The Irish Nurses Organisation (INO) entered the Labour Court hearings yesterday in a significantly militant mode

The Irish Nurses Organisation (INO) entered the Labour Court hearings yesterday in a significantly militant mode. It had just received a unanimous mandate from a delegate conference of its membership to invoke industrial action if its claims are not given due consideration by the Court. Understandably, this stance has been subjected to criticism but, as the secretary-general of the INO, Mr Liam Doran, has stated, it might have been less than honest to come to the hearings without registering the degree of anger and frustration among its grass-roots members. Mr Doran, commendably effected a moderating influence on unrealistic claims that had been proposed at the delegate meeting and duly defeated.

The Chairman of the Court, Mr Finbarr Flood, adjourned the hearings on the first of three pay-related issues (this one on allowances) and has not yet announced a date for reconvening the Court.

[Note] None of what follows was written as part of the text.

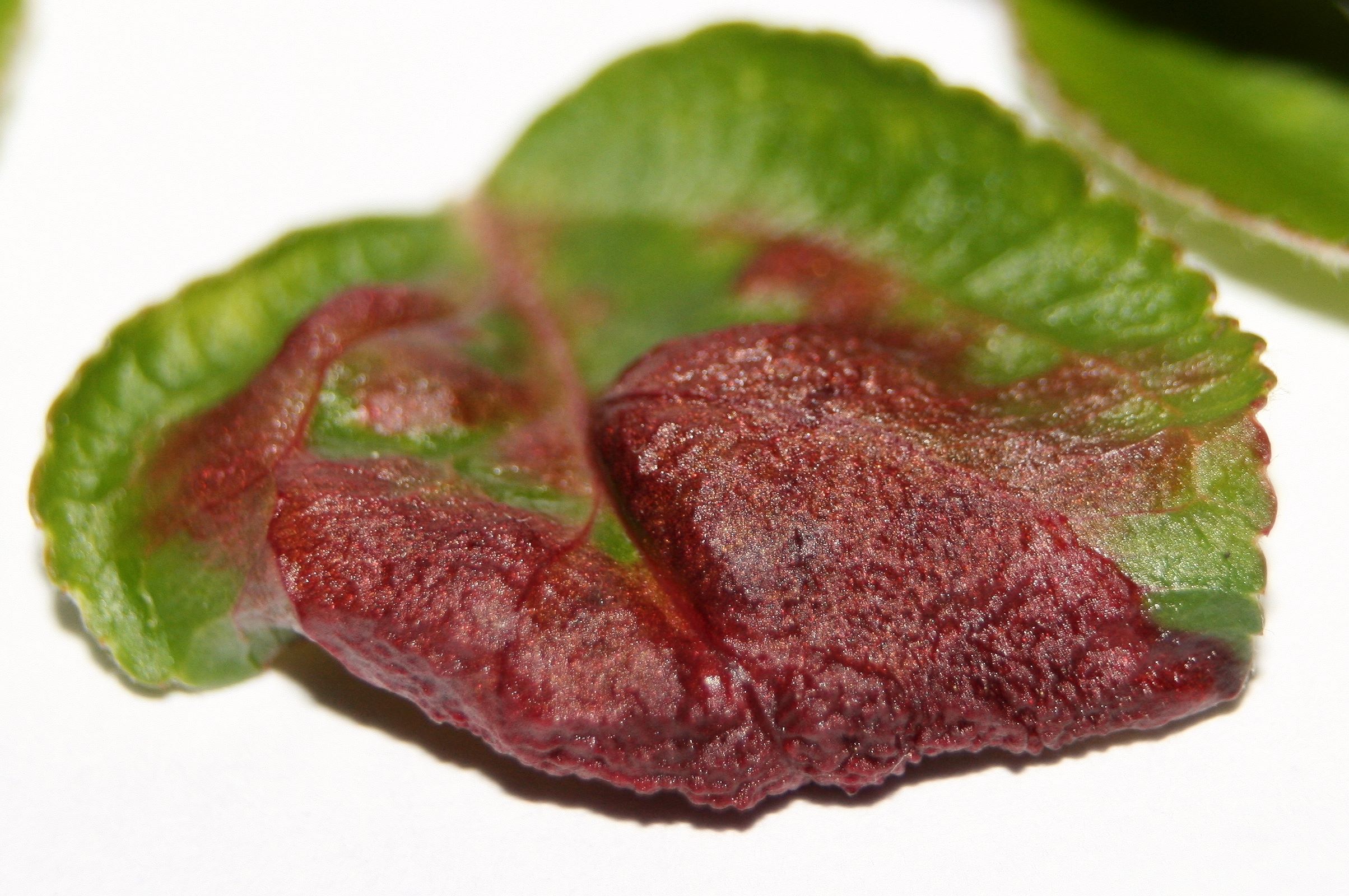 Ich hab hier mal ein paar Bilder von den Blättern unseres jungen Apfelbäumchens. Diese sind auffalend rot und zusammengekräuselt.

This is the first practical demonstration that the hearings are likely to be difficult and prolonged. The employers' representatives have asserted that the allowances claims being made by the alliance do not fall within the terms set out by the recent nursing commission chaired independently by Miss Justice Mella Carroll. The INO asserts differently.

The arguments appear unlikely to diminish as the hearings go on. It may be worth reminding ourselves of the history upon which the nurses' case is based. There appeared to be a general consensus when a national nurses' strike was narrowly averted in February last year, that the nurses had established that their professional duties and skills had so altered in the previous quarter century that their professional structures and status (including that recognition of status and responsibility that is manifest in remuneration) had to be altered. The Carroll Commission report confirmed this by recommending significant changes in career paths for the members of the profession, in payments which gave recognition to acquired skills and increased levels of qualifications and skills in various sectors of the profession.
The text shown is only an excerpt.